This is an experimental crossover clinical trial design. Inclusion criteria were being male; with normal nutritional status assessed by BMI (body mass index between 20 and 30 kg/m2); age ranging from 18 to 30 years old; healthy with no acute disease during the 3 months before the study, and without having gastroparesis or other gastric motility disorders. All these conditions were assessed by a questionnaire containing questions about health status. We planned to exclude participants who did not complete the study; did not comply with the experiment procedures; or who consumed alcoholic beverages on the day before the study. We also excluded those who have metallic prosthesis of any kind, including any tiny metal fragments in the body or complaining of anxiety disorders indoors or phobia to magnetic resonance imaging (MRI).
The data were collected in three phases. Firstly, after a fasting period of 8 h, the participants attended the Radiology Service of the Hospital de Cancer, Cuiaba, Brazil, to perform MRI images of the upper abdomen with the objective of measuring the fasting status GRV (phase 1). In this phase, adequate stomach motility was observed to exclude cases of possible gastroparesis that could interfere with gastric emptying and expected results.
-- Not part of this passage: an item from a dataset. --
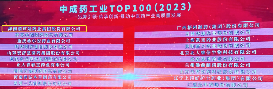 会上,还发布了“2023中成药工业TOP100”榜单,3044永利药业集团荣耀上榜。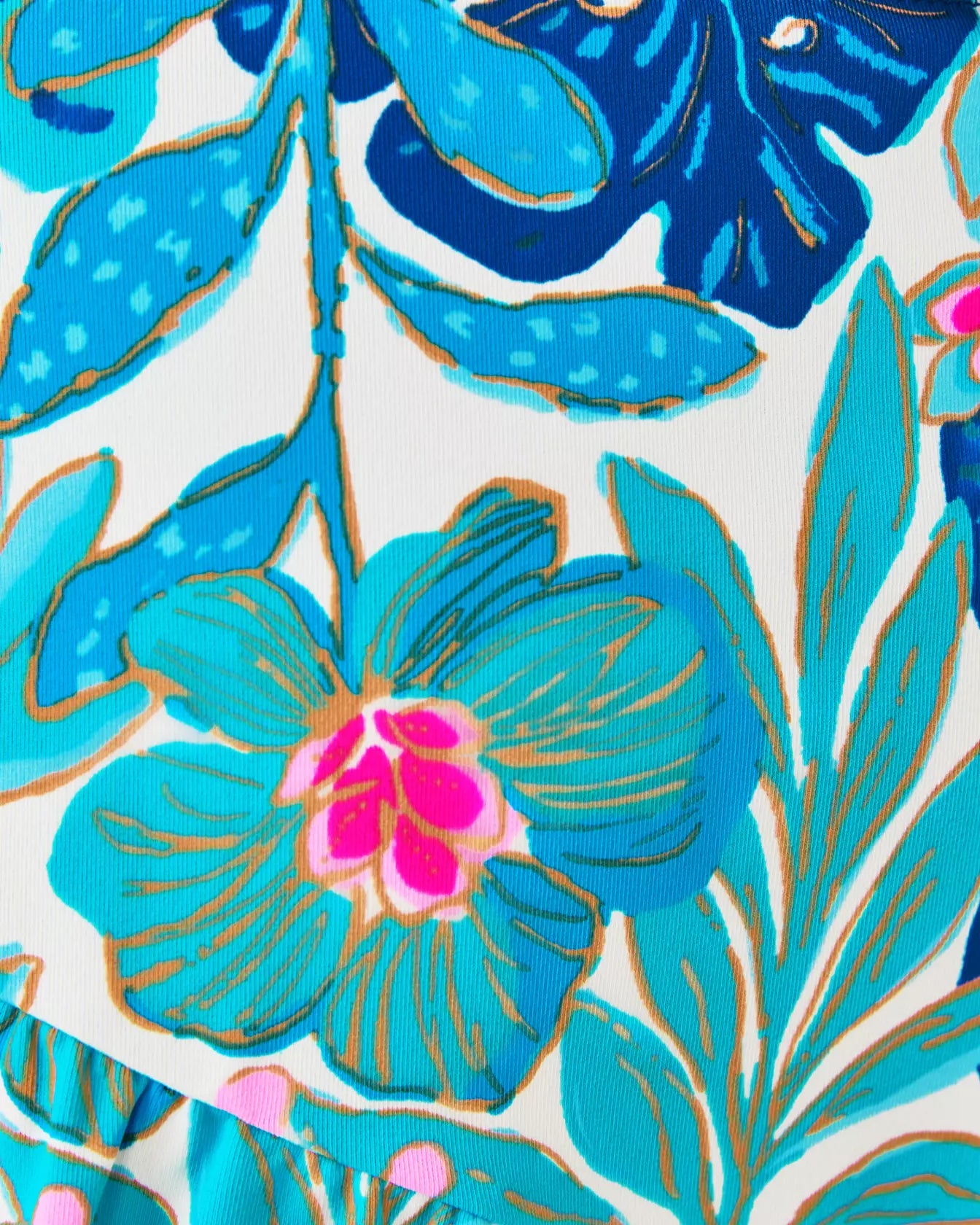 - UPF 50+ Luxletic® active skort with tiered ruffles and a pocket on the undershorts. Moisture wicking.

GVR (cm3) was evaluated by tracking each slice’s region of interest (ROI), forming a volume by the sum of all ROIs. In phase 2, which was immediately after phase 1 each participant while still inside the MRI exam room ingested 200 mL of one of these two clear supplements formula depending of the phase as follows: phase 2.1) 12.5% maltodextrin (25 g)–CHO group or phase 2.2) the intervention drink containing whey protein and carbohydrates as described below. All participants participated of phase 2.1 and phase 2.2. For that, a week interval was programmed between phase 2.1 and phase 2.2. Immediately after drinking the supplement (in phase 2.1 and phase 2.2), the individual was immediately positioned in the supine position and another MRI scan for measurement of GRV was done. Finally, phase 3 was performed after a 3-h pause after the ingestion of the oral supplements. A third MRI scan of the upper abdomen was done to measure again the GVR as previously described.
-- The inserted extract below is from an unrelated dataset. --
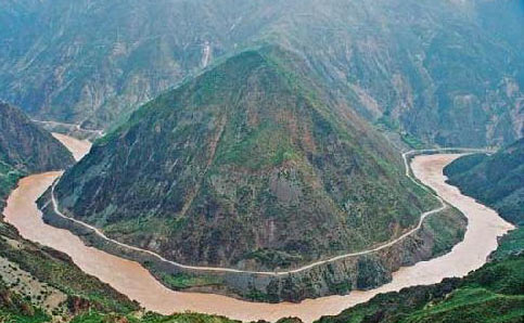 金沙江第一灣位于川滇藏三省區(qū)結(jié)合部的得榮縣子庚鄉(xiāng)境內(nèi)。由北向南縱貫全境的定曲河,在先后接納了瑪伊河和碩曲河之后,攜三江之水投入了金沙江的懷抱,在江水匯合處,形成“三壁夾兩江”的奇景。穿山越谷而來的金沙江,由此水勢(shì)更加浩蕩,峽谷逐漸開闊,在即將沖出這川滇要塞之時(shí),它似乎想先舒緩一下長途奔波的疲勞,于是放慢腳步,圍繞著金字塔般的日錐峰瀟灑地畫了一個(gè)“Ω”字形的大拐彎。孰料這不經(jīng)意的即興之作,竟成就了一處奇觀。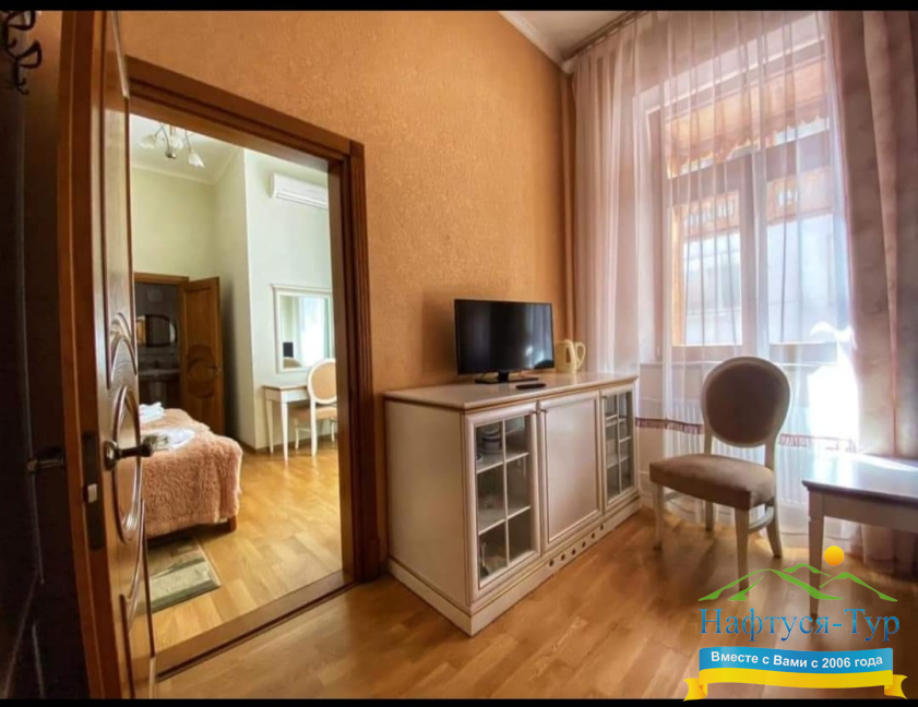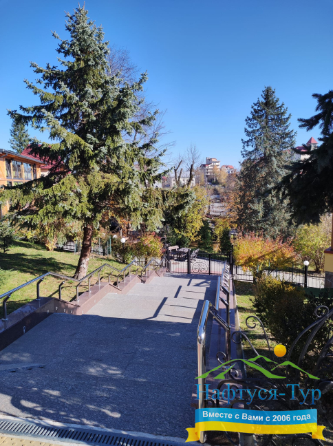 Расположение до санатория «Свитязянка»: 2 мин. пешком до бювета №1, 5 мин. пешком до офиса «НАФТУСЯ-ТУР»

Intervention oral supplement
The oral supplement used as an intervention for the study group (WP + CHO group) was Nutren Fresh (Nestlé, São Paulo, Brazil). This oral non-residual supplement (clear fluid; 698 mOsm/L) has 100% whey protein isolated from total proteins, with various vitamins (B1, B6, C, D, niacin, and folic acid) with a “lemon tea” flavor. In addition, the formula contains no lactose or lipids; is formulated with a volume of 200 ml, with a caloric density of 1.28 kcal/ml; protein: 10 g in 200 ml of the product (100% whey protein isolate); and carbohydrate: 54 g in 200 ml of the product (74% glucose syrup and 26% maltodextrin). For control within a week interval, all participants went through the three phases of the experiment using a supplement containing 25 g of maltodextrin plus 200 mL of water (12.5%, 50 kcal per 100 ml and 285 mOsm/L; CHO group).
All exams were performed using the same MRI equipment which was a Magnetom Essenza 1.5 T device; Siemens Healthcare (Brazil). Each volunteer was placed in a supine position, with a body coil (Body Matrix) to capture the signal. Cross-sectional acquisitions with 40 slices (perpendicular to the longitudinal axis of the body) were performed in echo-planar fast spin echo (HASTE) sequences with a slice width of 4.0 mm at 3.0 mm intervals. This STEAM sequence (TR [repetition time] 774 ms, TE [echo time] 92 ms) visualizes fluids with hypersignal as opposed to the low signal from adjacent organs. Each acquisition of a set of images was performed during 15 s of apnea. The images were captured by an industry technician with MRI experience and reviewed by a radiologist to confirm that the images covered the entire stomach. The GRV was assessed by tracking each slice’s region of interest (ROI), forming a volume by the sum of all ROIs. GRV measurements in milliliter were performed manually by tracing regions of interest on each slice using OsiriX MD ANVISA v.12.0.3 software and summing the slices to determine the total gastric volume and the results were entered into an Excel data sheet for statistical analysis.
Categorical variables were summarized by absolute (n) and relative (%) frequencies. Continuous were expressed as means and 95% confidence interval (95%CI) or standard deviation (SD). ANOVA for repeated measures was used to compare GRV in the three phases. Additionally, paired and unpaired t tests were done to assure within and between groups comparisons and adjust possible inflation of alpha error. The value of p for within-measures and between-measures analysis was calculated for analysis. For all analyses, p < 0.05 was considered statistically significant. All statistical analyzes were performed using SPSS for Windows 20.0 software (SPSS, Chicago, IL, USA).